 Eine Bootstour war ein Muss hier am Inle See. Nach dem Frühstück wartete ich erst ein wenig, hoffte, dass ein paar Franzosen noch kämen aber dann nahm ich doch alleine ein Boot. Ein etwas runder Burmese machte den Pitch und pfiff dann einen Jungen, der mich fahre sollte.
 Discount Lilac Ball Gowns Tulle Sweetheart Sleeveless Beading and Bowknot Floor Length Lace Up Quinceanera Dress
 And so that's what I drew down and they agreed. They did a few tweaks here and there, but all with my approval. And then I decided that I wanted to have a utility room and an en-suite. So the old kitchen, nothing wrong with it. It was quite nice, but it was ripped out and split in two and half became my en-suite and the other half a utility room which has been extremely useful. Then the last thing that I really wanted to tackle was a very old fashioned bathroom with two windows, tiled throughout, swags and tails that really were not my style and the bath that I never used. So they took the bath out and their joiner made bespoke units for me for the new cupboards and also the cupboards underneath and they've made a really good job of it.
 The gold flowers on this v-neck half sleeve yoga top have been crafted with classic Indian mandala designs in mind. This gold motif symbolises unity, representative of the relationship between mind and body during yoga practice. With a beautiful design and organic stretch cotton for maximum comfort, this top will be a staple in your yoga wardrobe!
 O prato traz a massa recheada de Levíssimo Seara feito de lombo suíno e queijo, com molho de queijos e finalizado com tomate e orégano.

■ INSTRUCTIONS TO FOLLOW ■
This exercise asks for an exact repeat of the lines from the one holding "The gold flowers" through the end of the data above.

■ ANSWER FOR THIS EXERCISE ■
 The gold flowers on this v-neck half sleeve yoga top have been crafted with classic Indian mandala designs in mind. This gold motif symbolises unity, representative of the relationship between mind and body during yoga practice. With a beautiful design and organic stretch cotton for maximum comfort, this top will be a staple in your yoga wardrobe!
 O prato traz a massa recheada de Levíssimo Seara feito de lombo suíno e queijo, com molho de queijos e finalizado com tomate e orégano.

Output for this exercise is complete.